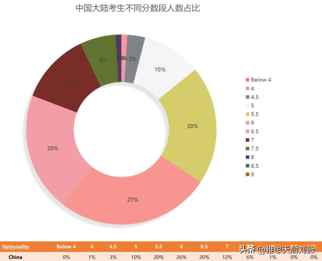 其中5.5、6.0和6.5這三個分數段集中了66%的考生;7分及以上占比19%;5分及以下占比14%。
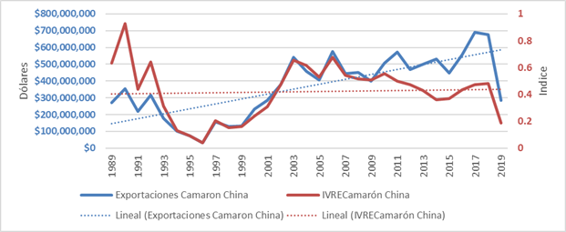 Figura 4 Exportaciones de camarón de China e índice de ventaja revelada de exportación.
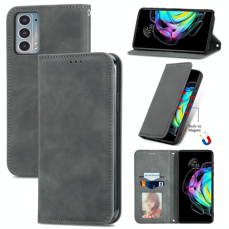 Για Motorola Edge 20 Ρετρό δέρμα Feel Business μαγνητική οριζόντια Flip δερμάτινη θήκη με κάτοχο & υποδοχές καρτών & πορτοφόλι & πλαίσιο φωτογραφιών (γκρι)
+ + +
What you have to do:
Reproduce precisely the lines of the listing above, from the line containing "Figura 4 Exportaciones" to the last line, both ends included. Pictures are to be omitted.

Problem solution:
 Figura 4 Exportaciones de camarón de China e índice de ventaja revelada de exportación.
 Για Motorola Edge 20 Ρετρό δέρμα Feel Business μαγνητική οριζόντια Flip δερμάτινη θήκη με κάτοχο & υποδοχές καρτών & πορτοφόλι & πλαίσιο φωτογραφιών (γκρι)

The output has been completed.